[Items from a data source]
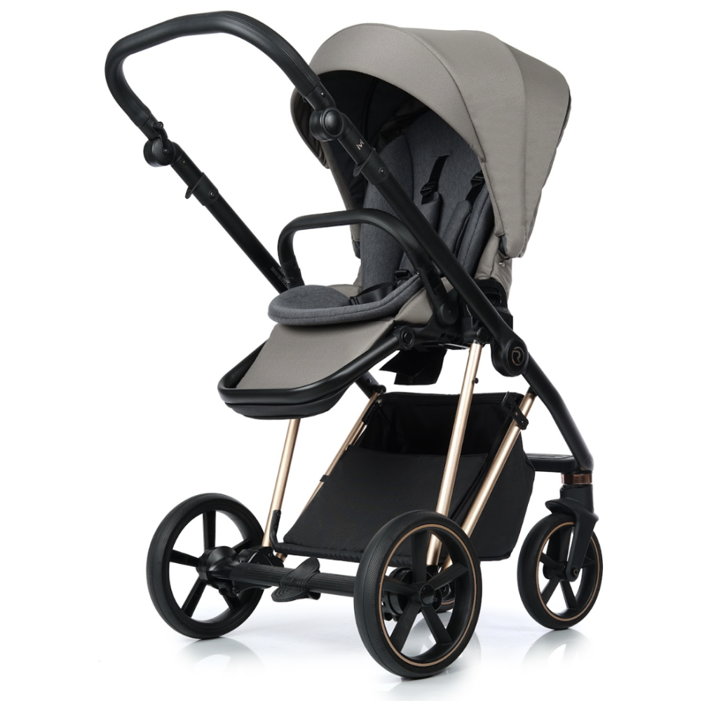Багатоступінчасте регулювання ручки коляски по висоті – це комфорт водіння коляски для батьків різного зросту. Ручка оброблена екошкірою для більшого комфорту.
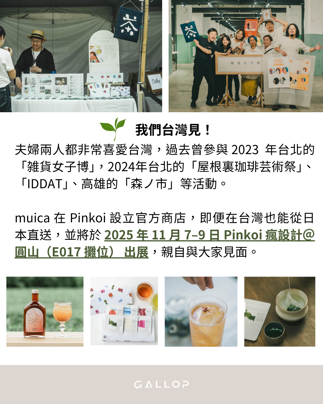 兩人都非常喜愛台灣,曾參與「雑貨女子博@台北」、「屋根裏珈琲芸術祭」、「森ノ市@高雄」等活動。 muica 也設立了 Pinkoi 官方商店,讓台灣的朋友能輕鬆購買,並將於 2025 年 11 月 7–9 日 Pinkoi 瘋設計@圓山(E017 攤位) 出展,親自與大家見面。
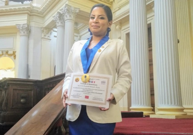 Cecilia Rengifo recibe reconocimiento por trabajo a favor de la mujer
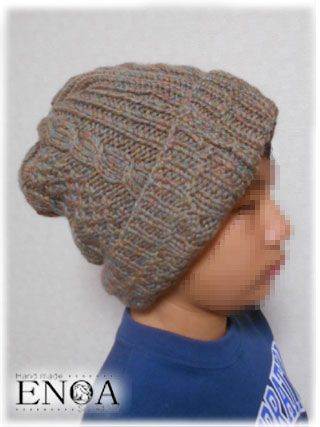 小6には渋い色だけど、普通のニット帽とビーニー帽にリメイクした。
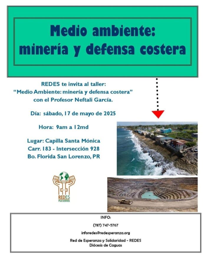 Red de Esperanza y Solidaridad (REDES) les invita al taller Medio ambiente minería y defensa costera con el profesor Neftalí García.La actividad se llevará a cabo el sábado 17 de mayo de 9am a 12md. en la Capilla Santa Mónica, sita Carr.183 intersección 928, Bo. Florida en San Lorenzo. Les esperamos.
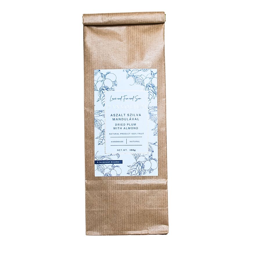 A magyar aszalt panyolai szilva Balaton-felvidéki mandulával töltve különleges, natúr aszalvány, amelyben a zamatos aszalt szilva és a karakteres mandula íze harmonikusan egészíti ki egymást. A termék nem tartalmaz kén-dioxidot, hozzáadott cukrot és tartósítószert, ezért azoknak is jó választás lehet, akik egyszerű összetételű, természetes finomságot keresnek.

Required action
Look above for the line with "兩人都非常喜愛台灣,曾參與「雑貨女子博@台北」、「屋根裏珈琲芸術祭」、「森ノ市@高雄」等活動。 muica 也設立了" and the line with "Red de Esperanza", then copy exactly the lines from the first through the second, both kept, with no pictures.

Result below
 兩人都非常喜愛台灣,曾參與「雑貨女子博@台北」、「屋根裏珈琲芸術祭」、「森ノ市@高雄」等活動。 muica 也設立了 Pinkoi 官方商店,讓台灣的朋友能輕鬆購買,並將於 2025 年 11 月 7–9 日 Pinkoi 瘋設計@圓山(E017 攤位) 出展,親自與大家見面。
 Cecilia Rengifo recibe reconocimiento por trabajo a favor de la mujer
 小6には渋い色だけど、普通のニット帽とビーニー帽にリメイクした。
 Red de Esperanza y Solidaridad (REDES) les invita al taller Medio ambiente minería y defensa costera con el profesor Neftalí García.La actividad se llevará a cabo el sábado 17 de mayo de 9am a 12md. en la Capilla Santa Mónica, sita Carr.183 intersección 928, Bo. Florida en San Lorenzo. Les esperamos.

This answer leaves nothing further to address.